Control Barrier Functions for Collision Avoidance Between Strongly Convex Regions

TL;DR

This paper introduces a novel approach using control barrier functions based on strongly convex sets for collision avoidance between robots and obstacles, enabling real-time safety guarantees for convex shapes.

Contribution

It develops a differentiable minimum distance framework for strongly convex sets, allowing efficient collision avoidance control with safety guarantees.

Findings

Real-time collision avoidance demonstrated on quadrotor simulations.

Efficient KKT solution updates via ODE for convex set distances.
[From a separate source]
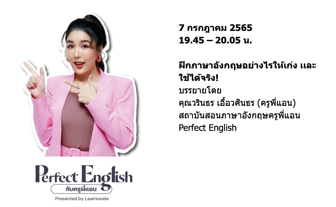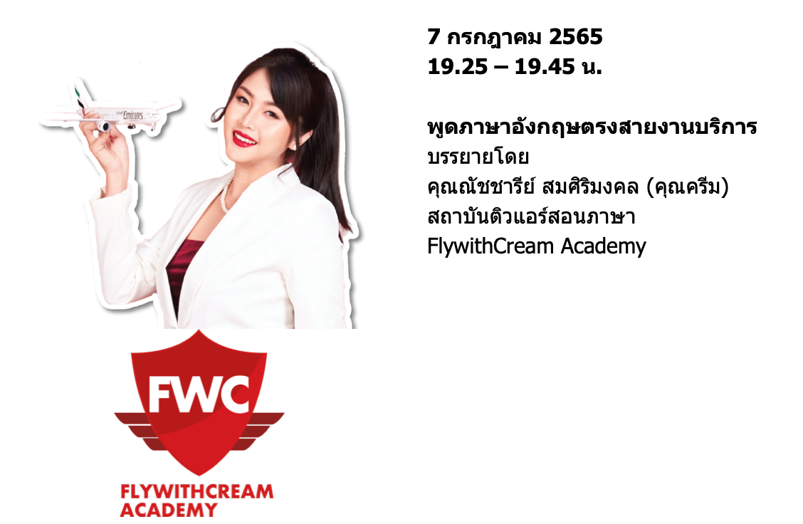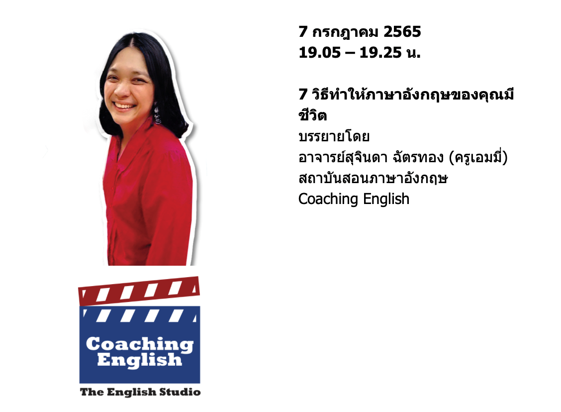 สัมนนาออนไลน์ "พูดภาษาอังกฤษจริตแบบสาย ฝอ" (บรรยายภาษาไทย) ในวันที่ 7 กรกฎาคม 2565 เวลา 19.00 - 20.15 น. ผ่านแอปพลิเคชั่น ZOOM คลิก! เพื่อลงทะเบียน

QPs with CBF constraints ensure safety without overapproximation.

Abstract

In this paper, we focus on non-conservative collision avoidance between robots and obstacles with control affine dynamics and convex shapes. System safety is defined using the minimum distance between the safe regions associated with robots and obstacles. However, collision avoidance using the minimum distance as a control barrier function (CBF) can pose challenges because the minimum distance is implicitly defined by an optimization problem and thus nonsmooth in general. We identify a class of state-dependent convex sets, defined as strongly convex maps, for which the minimum distance is continuously differentiable, and the distance derivative can be computed using KKT solutions of the minimum distance problem. In particular, our formulation allows for ellipsoid-polytope collision avoidance and convex set algebraic operations on strongly convex maps. We show that the KKT solutions for strongly convex maps can be rapidly and accurately updated along state trajectories using a KKT solution ODE. Lastly, we propose a QP incorporating the CBF constraints and prove strong safety under minimal assumptions on the QP structure. We validate our approach in simulation on a quadrotor system navigating through an obstacle-filled corridor and demonstrate that CBF constraints can be enforced in real time for state-dependent convex sets without overapproximations.